In my opinion Elons drive in Paolo Alto marks the beginning of a new era in human history. The coming new world has different characteristics than the old. While it took a long time optimizing FSD V11, for me it is not a given that the time needed to optimize FSD V12 will be comparable. We just have no idea since analogies are missing for significant parts of the problem. As Tim Zaman wrote on X, Tesla is adding 10‘000 H100 Clusters on monday, a significant additon to Tesla‘s video training capacity. The AI computing capabilities are now increasing fast.

Remember, FSD V12 is just one arrow in Tesla‘s quiver. The other obvious step is video training for human-like work with Optimus and then with robots in different shapes likes farming machines or construction machines. Computers winning chess against humans was nice. Computers translating languages better than human is nice. Computer summarizing text and voice or answering chat questions is nice. But Robots able to conduct the majority of physical work in the long run, this is next level.

The new world will likely have a „the winner takes it all or a few winners take it all“ characteristics, since the access to gigantic AI training systems is a prerequisite. As soon AI computing is available, the then established players will be very strong and could be able to prevent the entrance of new players for example using the network effects.

Since we are in a serious climate crisis which is far from beeing solved, I welcome a possible world dominated by Tesla as an opportunity to weaken the progression of the climate crisis. I also feel fear regarding the disruptions the future will bring. But for sure we need change, so I will welcome the change.
 
Having had some time to process V12 I think there will be some issues with end2end.

The previous feature engineered system had a lot of advantages. For example visualization, indicating which car it was waiting for in blue, saying why it did something, chiming when a light turns green etc. When you go black box you lose this, the model is not even told what a traffic light is much less that it should visualize it. If you look at the display it looks like they were showing cars and lanes in the visualization, indicating that it's not the fully end2end that is being displayed. Maybe they were running the V11 network in shadow mode and were displaying that.
Screenshot 2023-08-27 at 11.50.21.png


With V12 they predict how a good alert driver would drive. Before they predicted the environment and then used tree search to find the optimal solution to minimize energy, jerk, risk etc. The optimal solution would have a better cost function in most scenarios, but suffer from bugs in rare situations. Like this:

I guess for now the end2end performs better than the feature engineered solution. But I think they want to add search and optimization to the solution. The end2end now is like AlphaGo trained on only human games and very good at predicting how a good driver would drive in a given situation, they want to become AlphaZero with very high depth far outplaying even the experts.

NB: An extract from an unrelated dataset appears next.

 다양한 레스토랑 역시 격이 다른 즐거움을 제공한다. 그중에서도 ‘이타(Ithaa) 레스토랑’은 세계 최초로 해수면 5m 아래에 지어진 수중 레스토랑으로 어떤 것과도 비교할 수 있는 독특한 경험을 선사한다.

I might be wrong here, excited about AI day 2023 to learn how they actually implemented this. If anyone have any ideas how to bring in the goodies from V11 please feel free to speculate!
 
Having had some time to process V12 I think there will be some issues with end2end.

The previous feature engineered system had a lot of advantages. For example visualization, indicating which car it was waiting for in blue, saying why it did something, chiming when a light turns green etc. When you go black box you lose this, the model is not even told what a traffic light is much less that it should visualize it. If you look at the display it looks like they were showing cars and lanes in the visualization, indicating that it's not the fully end2end that is being displayed. Maybe they were running the V11 network in shadow mode and were displaying that.
View attachment 968547

With V12 they predict how a good alert driver would drive. Before they predicted the environment and then used tree search to find the optimal solution to minimize energy, jerk, risk etc. The optimal solution would have a better cost function in most scenarios, but suffer from bugs in rare situations. Like this:

I guess for now the end2end performs better than the feature engineered solution. But I think they want to add search and optimization to the solution. The end2end now is like AlphaGo trained on only human games and very good at predicting how a good driver would drive in a given situation, they want to become AlphaZero with very high depth far outplaying even the experts.

I might be wrong here, excited about AI day 2023 to learn how they actually implemented this. If anyone have any ideas how to bring in the goodies from V11 please feel free to speculate!
I think people over-do the term 'black box' when it comes to neural networks. They really do not have to be. I've worked on custom-built NNs a bit. Really, a NN is just a data and processing structure, but how you implement it and how you label sections of it is entirely up to the developer. I would be extremely surprised to find out that the Tesla NN is just a big anonymous bunch of neurons and weights, without any attempt at organisation. Also, just because they are saying its fully NN and AI, doesnt mean its single step, or single network. I expect there are still a bunch of separate networks, with separate tasks, its just that the decision-making for controls in the vehicle is now a NN instead of C++.
 
We just have no idea since analogies are missing for significant parts of the problem.
This is important. AI in highly rule based learning - games, language… is making staggering advances. Agreed.

Advances in deeply chaotic systems not so staggering IMO.

Driving in over sampled Palo Alto on a perfect day on perfect streets means squat IMO. There is another world of potholes, trash, shadows, rain, manure, fog, blizzards, dust, ice, flying debris, farm equipment and animals to add to this orderly little Barbi world demo.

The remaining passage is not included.